Size of pancreatic NET as one criterion for surgery

Several criteria can be used to recommend surgery for pancreatic NET. These include growth rate, metastases, histology, and hormonal secretion. A major criterion is tumor size. There is considerable disagreement even among consensus groups about a cutoff of size between 1 and 3 cm as the criterion to offer surgery in pancreatic NETs (1, 23, 24). There is agreement that omitting surgery for tumors of ≥3 cm has an unfavorable prognosis (25). Setting a low cutoff might result in too many unneeded operations, including complications (24). For lesions of ≤1.0 cm, endoscopic ultrasound serially in MEN1 shows an absent or minimal annual growth rate (26). Recent retrospective studies of MEN1 representing a collaboration from Holland found that, at ≤2 cm (99 cases followed for 3 years), omitting surgery was preferable to doing surgery (24, 25, 27). A recent retrospective study from the French/Belgian collaboration (46 cases followed for 11 years) reached a similar conclusion (28). Although differing opinions about size at cutoff will persist, these two recent studies are a strong voice for the size cutoff to be at 2 cm.

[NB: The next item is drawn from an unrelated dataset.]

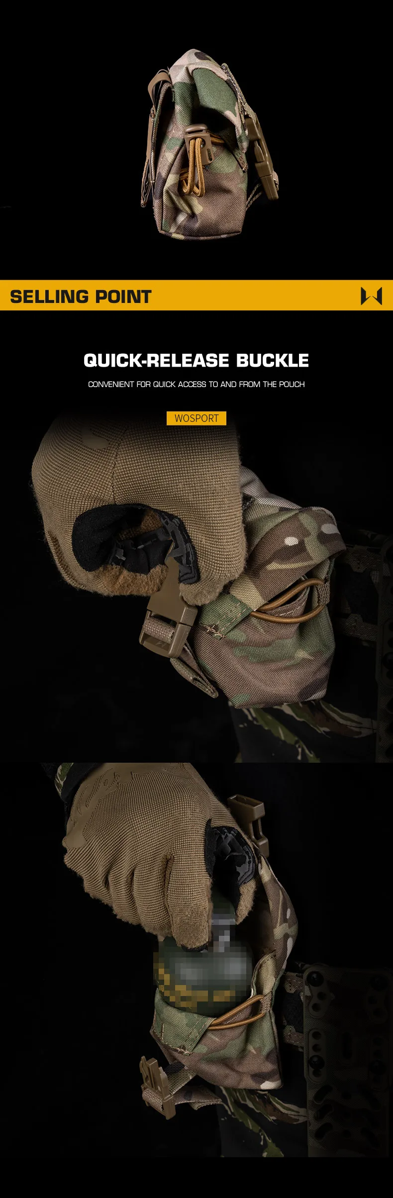 2 métodos de instalación Bolsa M67 multifuncional con correas MOLLE para accesorios de caza Información del producto Nombre del producto: Bolsa multiusos Artículo No.: GP-11 Color del producto: MC/MCBK/verde Ranger/negro mate/marrón coyote/gris lobo Material del producto: Cordura Escena aplicable: actividades en equipo, juegos tácticos, accesorios de película.

Minimally invasive surgery of pancreatic NETs

Minimally invasive surgical approaches, such as laparoscopic approaches, are under exploration for most of the tumors in MEN1. In general, due mainly to tumor multiplicity as in the parathyroids, the minimally invasive operations are more difficult and less frequently recommended in MEN1 than in sporadic tumors (1, 29). The pancreas gland presents special problems for laparoscopic approaches, mainly exposure and friability (30, 31). Only small series of MEN1 cases have been reported. For example, for nonfunctional pancreatic NETs operated laparoscopically or robotically, a recent series reported 21 and 43 cases of MEN1, respectively (32, 33). The outcomes and complications were similar to those with traditional open surgery but with less operating time and less blood loss. It is too early to make a broad recommendation to change surgical strategy for pancreatic tumors in MEN1.

177Lu dotatate therapy

Somatostatin analogs bind to receptors on most neuroendocrine cells. These analogs have been explored as carriers to deliver various isotopes for radiation to tumors. Peptide receptor radionuclide therapy has been under study for >15 years in Europe (34). A controlled trial of 177Lu dotatate was completed in 229 patients among 8 countries, including the United States, with advanced midgut NET (35). Mainly in the ileum, this is not the location of a typical MEN1 tumor, and few if any MEN1 cases were included in the trial. Both groups received high doses of somatostatin, and the trial group additionally received 177Lu dotatate (Lutathera; Advanced Accelerator Applications USA, Inc.) as peptide receptor radionuclide therapy. At 20 weeks, progression-free survival was lower in the Lutathera group (11% vs 65%). As of 25 January 2018, Lutathera has received approval of its new drug application by the US Food and Drug Administration. Some patients may qualify to receive it in the United States through Expanded Access (“compassionate use”).

MEN1 gene

Search for the MEN1/menin pathway

The MEN1 gene functions in MEN1 tumorigenesis as a growth suppressor, showing biallelic inactivation of MEN1 by several criteria, mainly loss of heterozygosity at the menin locus of chromosome 11q13. Some 30 menin molecular partners have been reported in efforts to uncover menin’s molecular pathway (36). None of these partners or pathways has yet been proven to be a central mediator of MEN1 tumorigenesis. The most extensive work has been with mixed lineage leukemia (MLL). MLL [also termed lysine (K)-specific methyl transferase 2A or KMT2A] fusion genes account for 10% of leukemias. More than 80 partner genes have rearrangement/fusions with the C terminus of the MLL gene. These MLL fusions are oncogenes, and many or all are activated further by binding to menin (37). Small-molecule inhibitors of this menin interaction with MLL are under development, with promise of therapeutic efficacy against leukemias in animal and cell models (38). This oncogenic role of menin in leukemia has no clear relevance to menin’s tumor suppressor molecular pathway in MEN1, nor do the small-molecule inhibitors of menin interaction with MLL (39, 40).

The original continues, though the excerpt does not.